58. The method of any of claims 1-57, wherein the one or more doses of psilocybin or an active metabolite thereof comprises 1, 2, 3, 4, or 5 doses of psilocybin or an active metabolite thereof.

59. The method of any of claims 1-58, wherein the one or more doses of psilocybin or an active metabolite thereof comprises 1 dose of psilocybin or an active metabolite thereof.

60. The method of any of claims 1-59, wherein the one or more doses of psilocybin or an active metabolite thereof comprises 2 doses of psilocybin or an active metabolite thereof.

61. The method of any of claims 1-60, wherein the dose is between at or about 10 mg and at or about 50 mg of psilocybin.

62. The method of claim 61, wherein the dose is at or about 25 mg of psilocybin.

63. The method of any one of claims 1-62, wherein the one or more integration session comprises 1, 2, 3, 4, or 5 integration sessions.

64. The method of any of claims 1-63, wherein the one or more integration session comprises 1 integration session.

65. The method of any of claims 1-64, wherein the one or more integration session comprises 2 integration sessions.

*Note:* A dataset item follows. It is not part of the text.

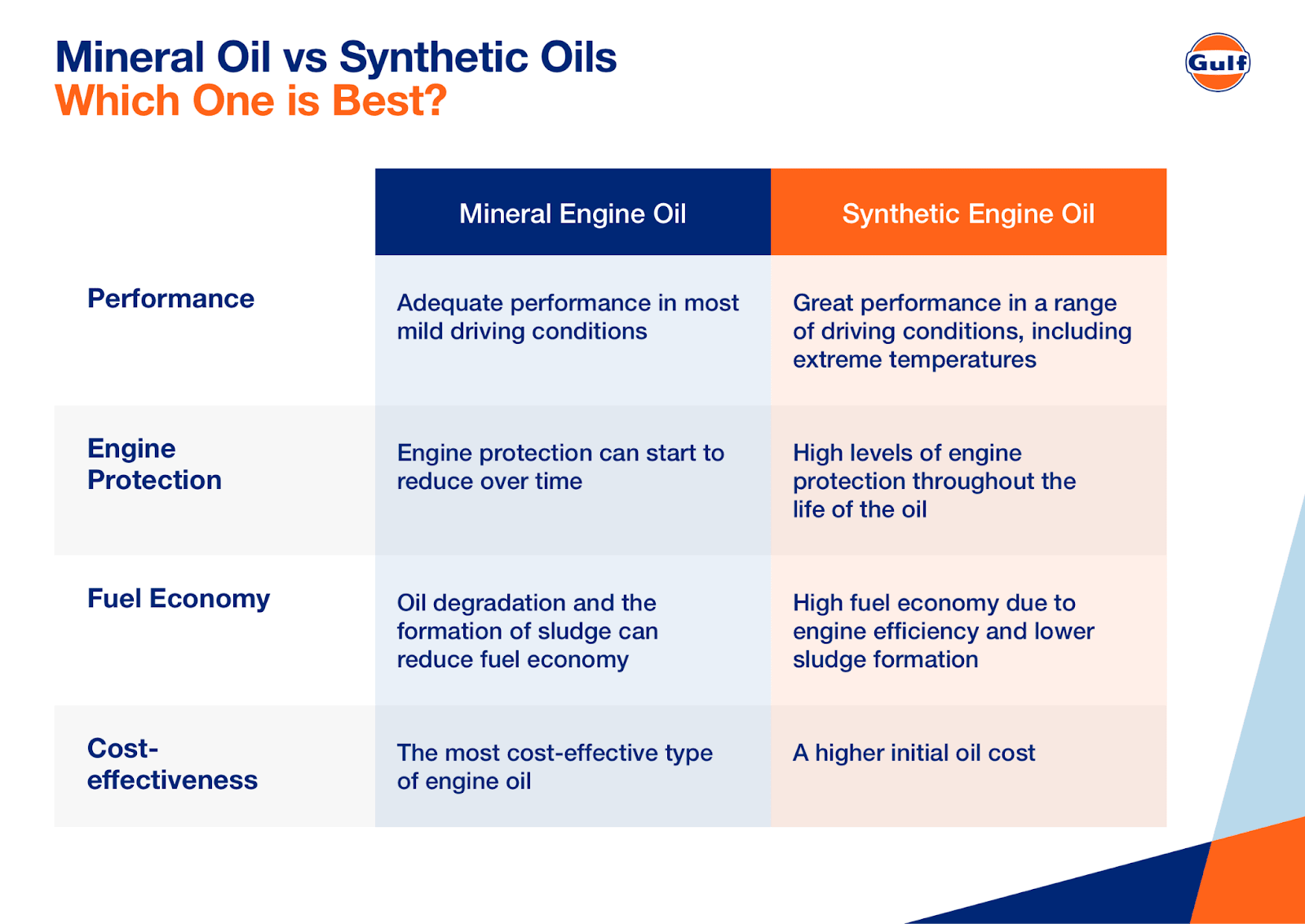 Mineral oil generally costs less to buy and might be more suitable if you drive an older vehicle and live in a mild climate, but will need changing more often and on balance it offers lower performance and less engine protection over time.

66. The method of any of claims 1-65, wherein the integration session is provided at or about 1 day after administering the dose of psilocybin or an active metabolite thereof.

67. The method of any of claims 1-66, further comprising providing one or more further integration sessions.

68. The method of claim 67, wherein the one or more further integration session is provided between about 6 days and at or about 9 days after administering the dose of psilocybin or an active metabolite thereof.

69. The method of claim 67 or 68, wherein the one or more further integration session is provided at or about 7 days after administering the dose of psilocybin or an active metabolite thereof.